В результате "Бал-маскарад" как бы не имеет определенного места жительства. Принимая во внимание обстоятельства написания, его ставят и с участием чернокожих персонажей, и без них. Куда заманчивее сама фабула, где речь идет о заговоре оппозиции, хитрыми оперными тропами приводящем-таки к убийству правителя страны. В последнее время очень модно стало обыгрывать в постановках этой оперы современную предвыборную истерию, хоть как-то возвращая опере ее былую актуальность. Не стали исключением и господа Вилер с Морабито — авторитетная команда, вокруг которой в какой-то степени и сформировано понятие "режиссерский оперный театр" (в Москве они представлены "Нормой", перенесенной в "Новую оперу" из Штутгарта).

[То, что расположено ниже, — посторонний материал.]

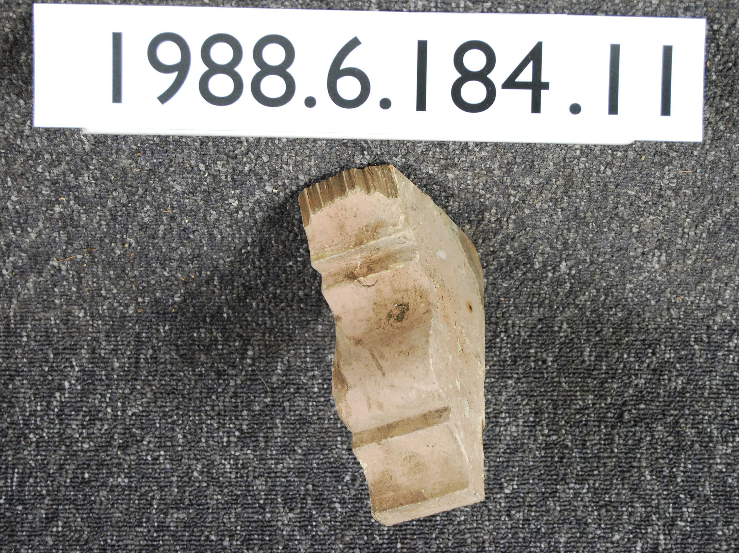 Exterior wood bracket. compound contour. Cut from single block. Painted pink. Inscriptions or Markings: Manufacturer: Place of Manufacturer: Design motif: Style: Finish: Painted

Их версия "Бала-маскарада" происходит в Америке времен 1960-х. Точнее, в одном, сильно, надо сказать, надоедающем к концу спектакля полуобщественном пространстве, напоминающем санаторий для партийной элиты. В глубине небольшая эстрада, годная и для бальных танцев, и для укрытия заговорщиков, справа бар, имеется много неуютных посадочных мест. Здесь происходит все. И официальная дневная жизнь в офисных костюмах с бодрыми предвыборными выступлениями. И вечерние посиделки прислуги, среди которой особым уважением пользуется слепая гадалка-мулатка Ульрика (для этой роли совершенно преобразилась Лариса Дядькова). И даже что-то невнятное из области межрасовых отношений (когда под потолком обнаруживаются висящие трупы Ульрики и еще одного чернокожего). И ночной интим в банных халатах. И финальная картина усталого разврата в маскарадных костюмах.

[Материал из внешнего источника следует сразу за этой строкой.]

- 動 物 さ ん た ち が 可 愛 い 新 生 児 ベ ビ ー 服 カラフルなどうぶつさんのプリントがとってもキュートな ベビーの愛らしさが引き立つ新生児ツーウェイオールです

Сценографию, слишком уж стандартную для современного немецкого театра, сделала Барбара Эйнес, сменившая в этой команде легендарную Анну Фиброк. В этом же новом составе постановщики дебютируют летом на Зальцбургском фестивале с "Русалкой" Антонина Дворжака.
Там же с ними будет работать и польский тенор Петр Бечала (известный нам благодаря международным проектам Владимира Федосеева), который в "Бале-маскараде" и пением, и повадкой оказался неотразим в главной мужской роли. Его герой — партийный лидер по имени Ричард, витальный обаяшка в демократичном свитере, который знает толк в шутках и женщинах. Женщин вокруг него минимум три — бессловесная жена-статистка, которая умеет светски улыбаться и махать рукой в перчатке с балкона, сексапильная помощница с колоратурным сопрано (в оригинале это паж Оскар) и Амелия, жена его лучшего друга Ренато.

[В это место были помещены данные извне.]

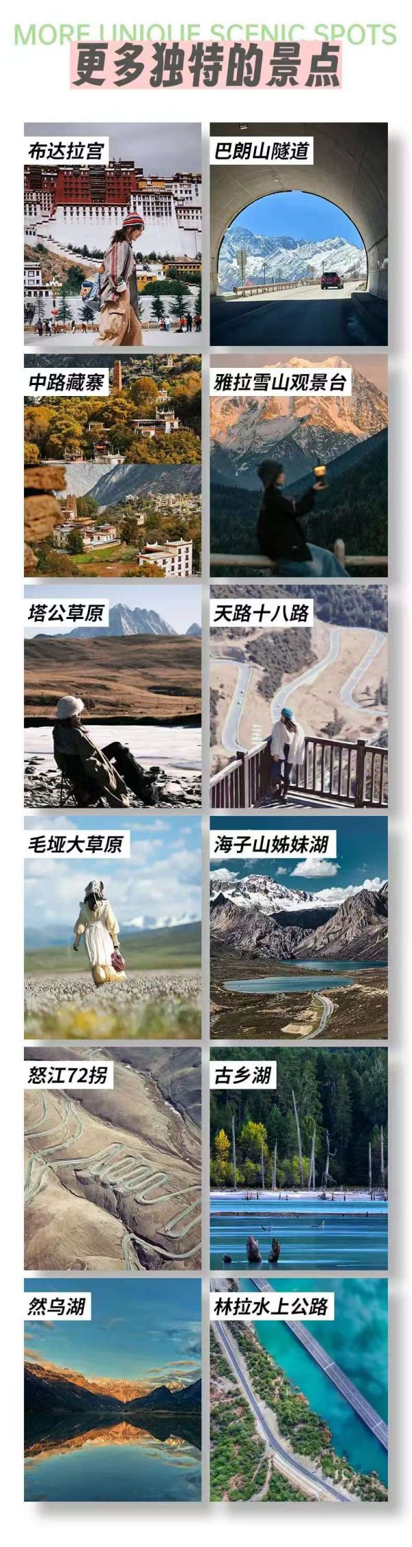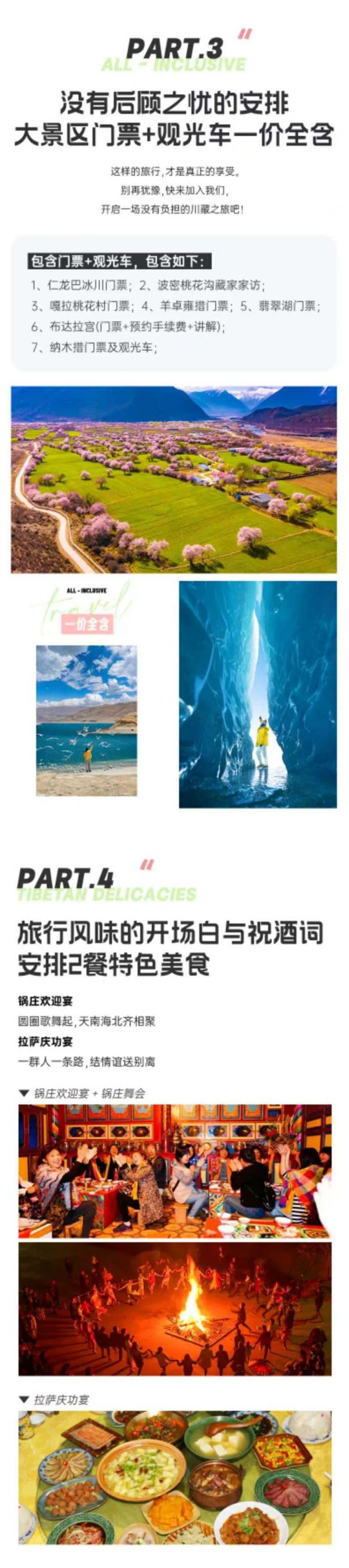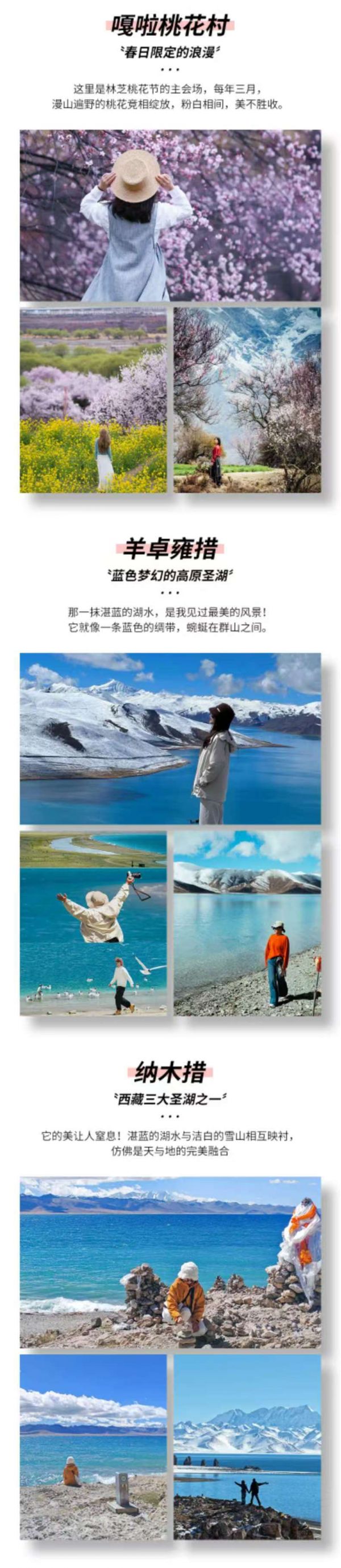 仁龍巴冰川門票、波密桃花溝藏家家訪、嘎拉桃花村門票、秀巴千年古堡門票、布達拉宮(門票+預約手續費+講解)、羊卓雍措門票、納木措門票及觀光車、翡翠湖門票

Именно этой глупо распавшейся супружеской паре, а не убитому в конце весельчаку Ричарду постановщики сочувствуют больше всего и пытаются в том же убедить зрителя. Поначалу это не очень хорошо получается. Сцена, где муж категорически не узнает собственную жену, застуканную во время выяснения ее любовных отношений с Ричардом и изящно прикрывающуюся капюшоном от халата, выглядит так простецки, будто господа Вилер и Морабито вообще решили не ставить эту глупость. Но потом многое спасает мальчик — крошечный сын Ренато и Амелии в коротких штанишках и с идеальным пробором. Постановщики, щеголяя хорошим чувством черного юмора, вводят его в спектакль и делают ключевым героем в сцене вытягивания бумажки с именем будущего убийцы Ричарда. Им оказывается отец мальчика Ренато.
К этому времени Ренато, которого поет мощный словацкий баритон Далибор Йенис, уже практически сошел с ума. А его жена Амелия, в роли которой не столько вокалом, сколько всем своим чувственно-страдательным обликом хороша Катерина Наглестад, отчаянно раскаивается. Жизнь в пансионате совсем превратилась в какой-то блескучий, тлеющий фантом. А что все-таки будет с выборами, вообще никого, даже пьяную оппозицию, не интересует.